Stored entries →
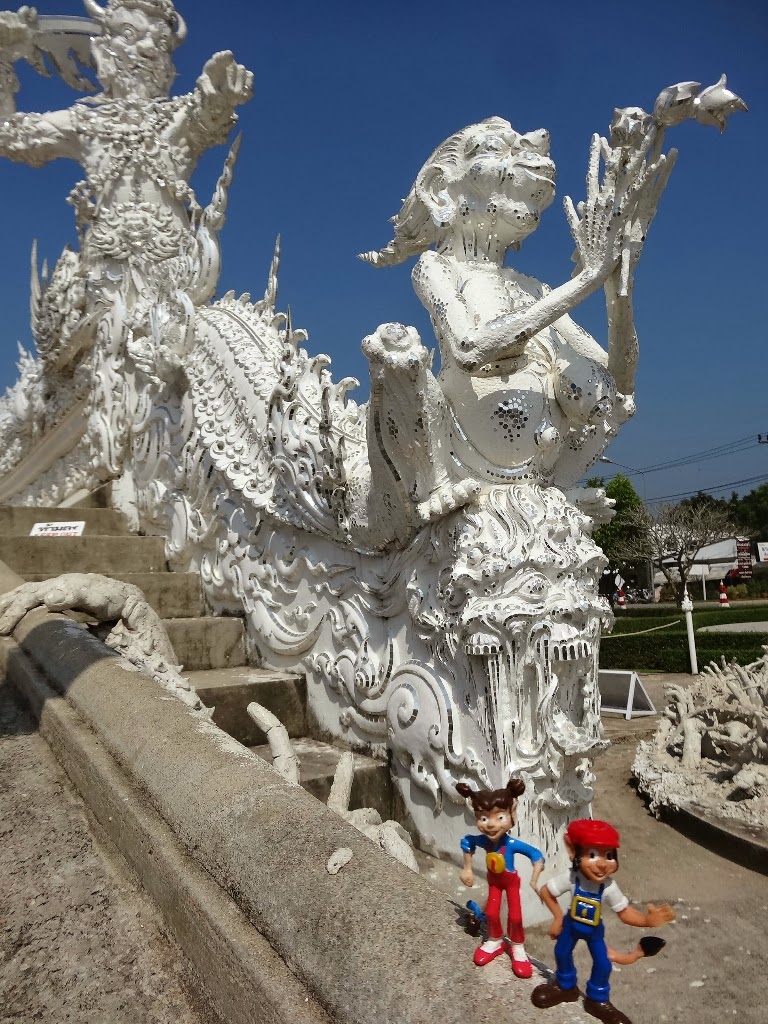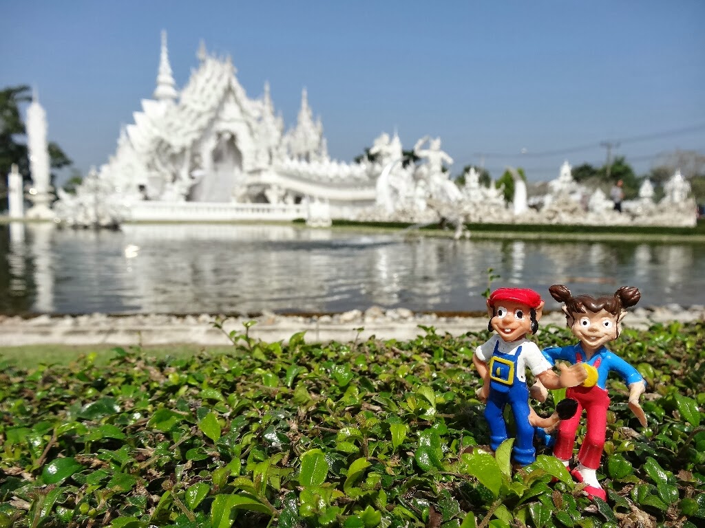 A Chiang Rai ils ont découvert les temples bouddhistes qui sont particulièrement kitsch dans ce pays et en particulier un temple tout blanc construit par un artiste un peu exhubérant.
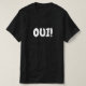 A black t-shirt with text only design with a French word, Oui!, that can be translate to: Yes!. You can customise this t-shirt to change it fonts type, colour and change it to give it you own unique look.
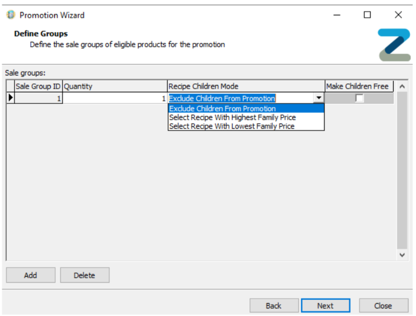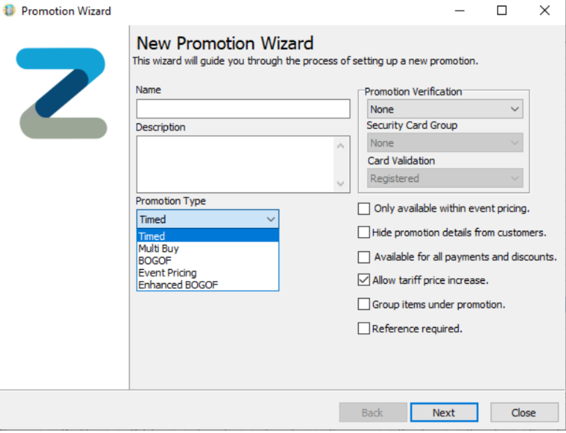 Open the Promotion Wizard and select Enhanced BOGOF from the dropdown menu.
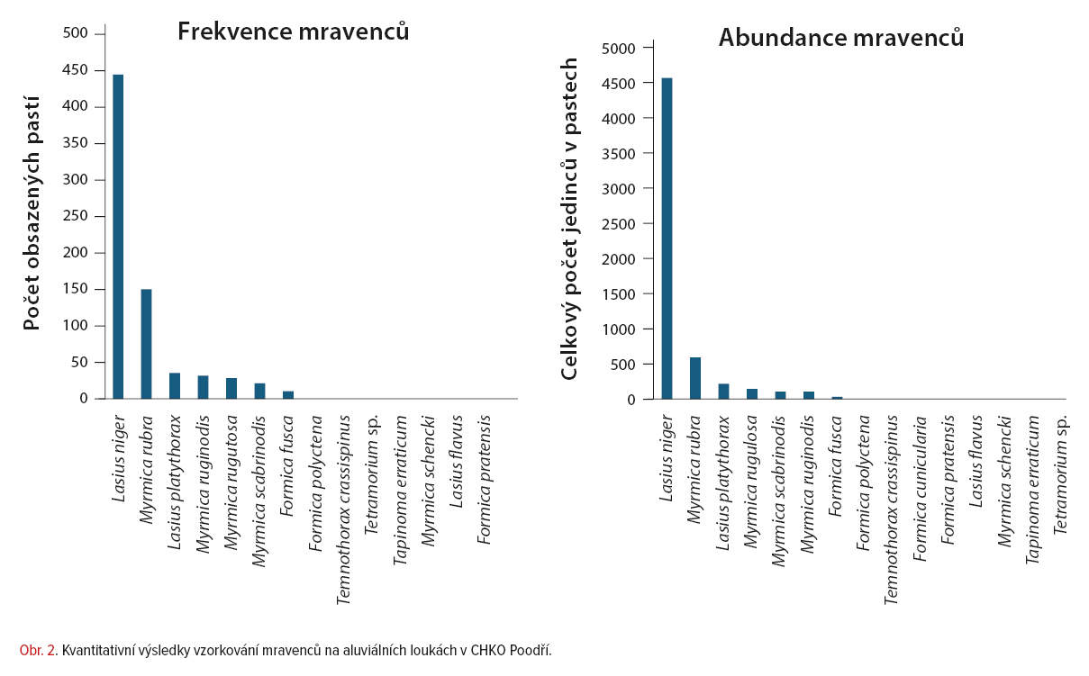 Celkem jsme takto ulovili 15 druhů mravenců v 5 708 jedincích (v průměru 0,45 druhů a 57 jedinců na past), v 905 pastech nebyl žádný mravenec. Ve vzorcích co do celkové početnosti i frekvence (počet pastí s pozitivním záchytem) drtivě převažoval mravenec obecný (Lasius niger), hojný generalista nelesních stanovišť (Obr. 2). Druhý nejhojnější byl mravenec žahavý (M. rubra), preferovaný hostitel modráska bahenního. Z dalších hostitelů modráska jsme ještě zjistili m. rezavého (M. ruginodis), ovšem v podstatně nižších počtech i frekvenci.
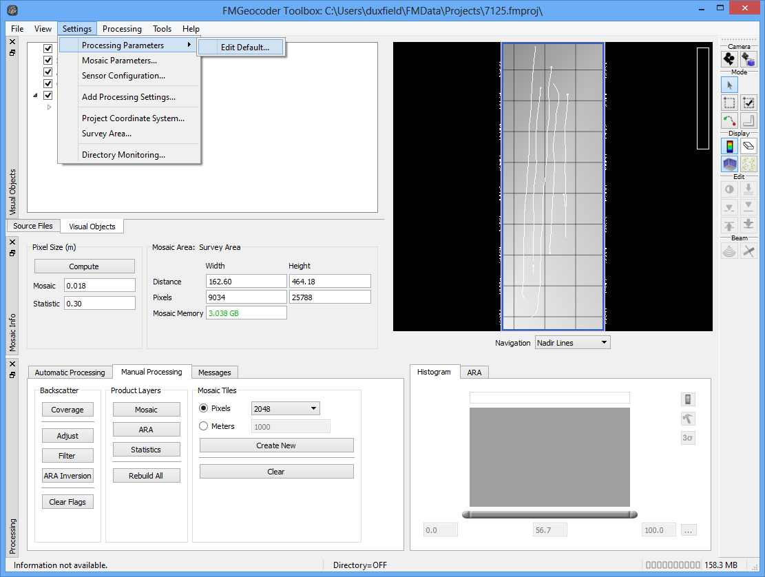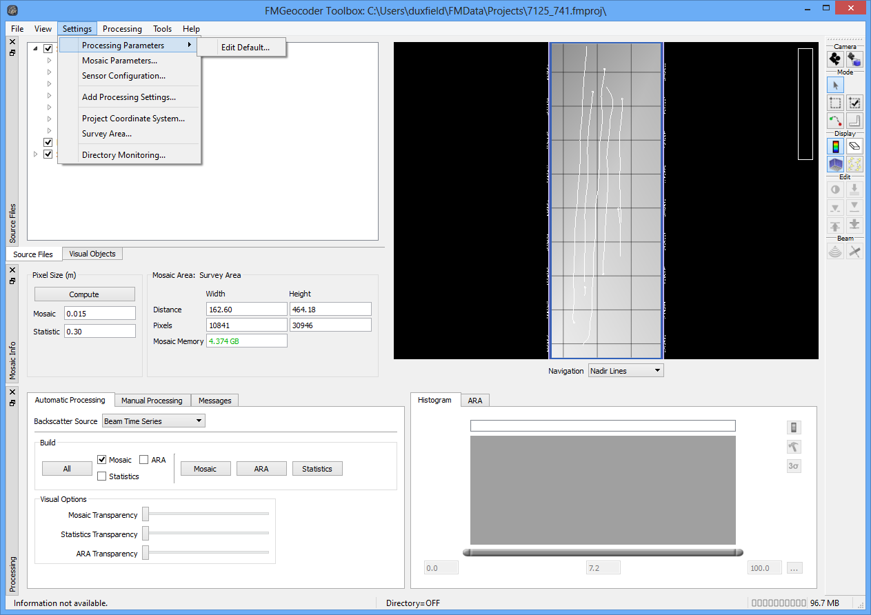 Open your FMGT project, or create a new project. If you haven't done so already, use File > Add Source/Paired Files to add your Reson 7125 or 7111 backscatter imagery and corrected bathymetry files to the project.
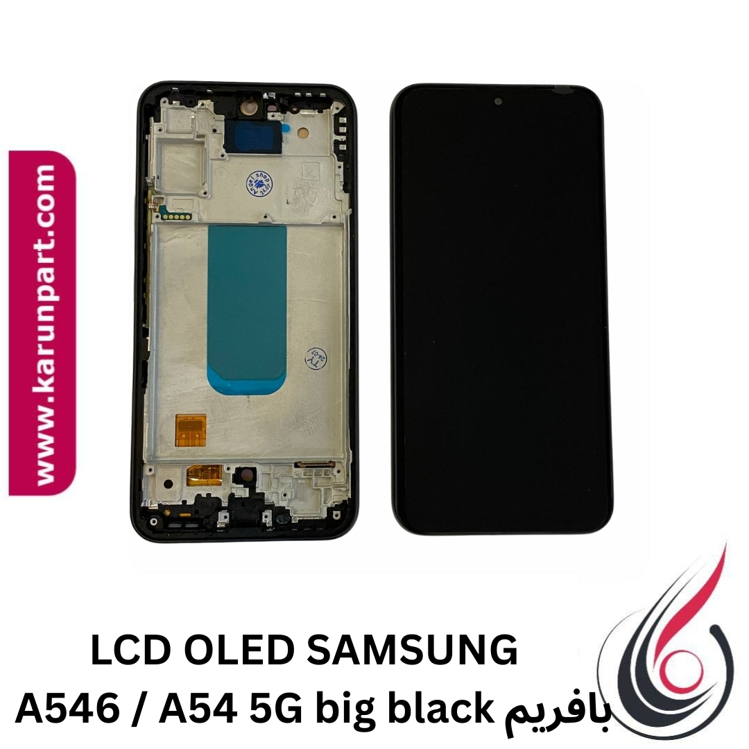 ال سی دی OLED سامسونگ A546 (A54 5G) مشکی با فریم، کیفیت اورجینال سرویس پک، رزولوشن 2440 و عملکرد تاچ فوق‌العاده. موجود در کارون پارت.
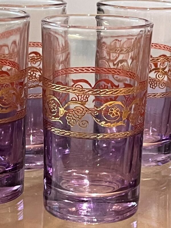 Elevate your tea-drinking experience with our exquisite set of Moroccan tea glasses, each delicately crafted with gold and color accents that reflect the artistry of Moroccan design.
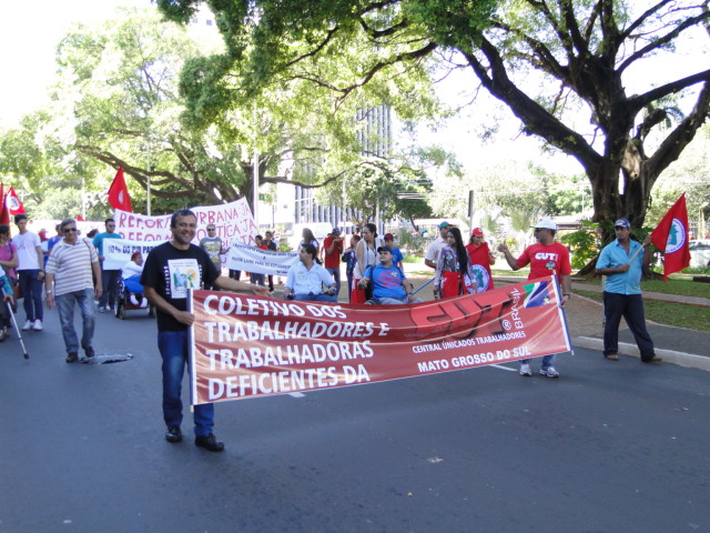 Trabalhadores com deficiência participaram da manifestação do dia 11 de julho, abrindo a passeata em Campo Grande

What you will do →
Your answer must be exactly the lines from the one with "Elevate your tea-drinking" through the last line of the entries, both included, with no pictures; please add nothing else.

Exercise output →
 Elevate your tea-drinking experience with our exquisite set of Moroccan tea glasses, each delicately crafted with gold and color accents that reflect the artistry of Moroccan design.
 Trabalhadores com deficiência participaram da manifestação do dia 11 de julho, abrindo a passeata em Campo Grande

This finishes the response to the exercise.